The mass production of printed electronic devices can be achieved by roll-to-roll system that requires highly regulated web tension. This highly regulated tension is required to minimize printing register error and maintain proper roughness and thickness of the printed patterns. The roll-to-roll system has a continuous changing roll diameter and a strong coupling exists between the spans. The roll-to-roll system is a multi-input-multi-output, time variant, and nonlinear system. The conventional proportional-integral-derivative control, used in industry, is not able to cope with roll-to-roll system for printed electronics.
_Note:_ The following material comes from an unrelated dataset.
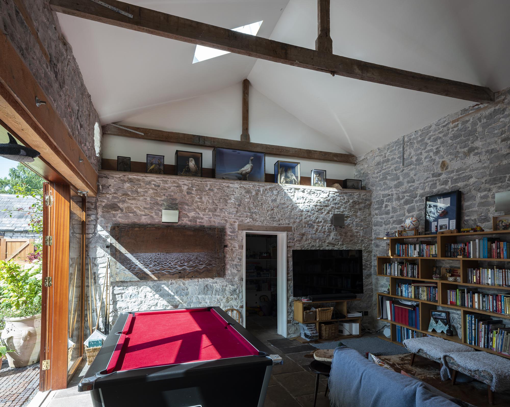 We renovated and converted the outbuildings to create extra accommodation for the family and their guests. The addition of a glazed room creates a light filled living space at the heart of this new accommodation.

In this study, multi-input-single-output decentralized control scheme is used for control of a multispan roll-to-roll system by applying regularized variable learning rate backpropagating artificial neural networks. Additional inputs from coupled spans are given to regularized variable learning rate backpropagating artificial neural network control to decouple the two spans. Experimental results show that the self-learning algorithm offers a solution to decouple speed and tension in a multispan roll-to-roll system.
机译:印刷电子设备的批量生产可以通过卷对卷系统实现,该系统需要高度调节的卷筒纸张力。需要这种高度调节的张力以最小化印刷套准误差并保持适当的粗糙度和印刷图案的厚度。卷对卷系统具有连续变化的卷径,并且跨距之间存在牢固的耦合。卷对卷系统是一个多输入多输出,时变和非线性系统。工业上使用的常规比例-积分-微分控制无法应对印刷电子产品的卷对卷系统。在这项研究中,通过应用正则化可变学习率反向传播人工神经网络,将多输入单输出分散控制方案用于多跨滚动系统的控制。来自耦合跨度的其他输入被提供给正则化可变学习率反向传播人工神经网络控制,以解耦两个跨度。实验结果表明,自学习算法为多跨卷对卷系统中的速度和张力解耦提供了解决方案。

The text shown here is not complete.